# EXERCISE OBJECTIVE
Each line in the records below, from the one that contains "3 Which places" to the one that contains "У вівторок, 23", should be reproduced exactly, the first and last included.

# INFORMATION GIVEN
━━━

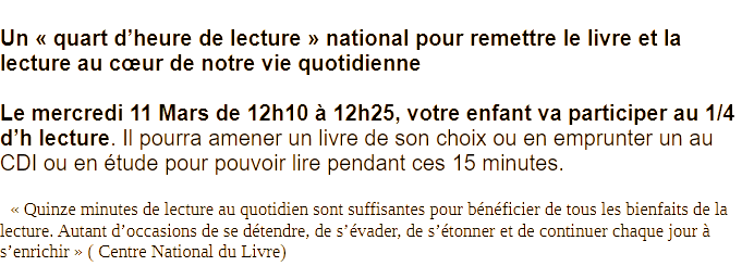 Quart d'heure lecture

━━━

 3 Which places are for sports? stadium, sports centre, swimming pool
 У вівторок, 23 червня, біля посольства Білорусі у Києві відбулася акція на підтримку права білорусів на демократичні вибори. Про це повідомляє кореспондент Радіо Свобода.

━━━

# REPLY TO THE TASK
 3 Which places are for sports? stadium, sports centre, swimming pool
 У вівторок, 23 червня, біля посольства Білорусі у Києві відбулася акція на підтримку права білорусів на демократичні вибори. Про це повідомляє кореспондент Радіо Свобода.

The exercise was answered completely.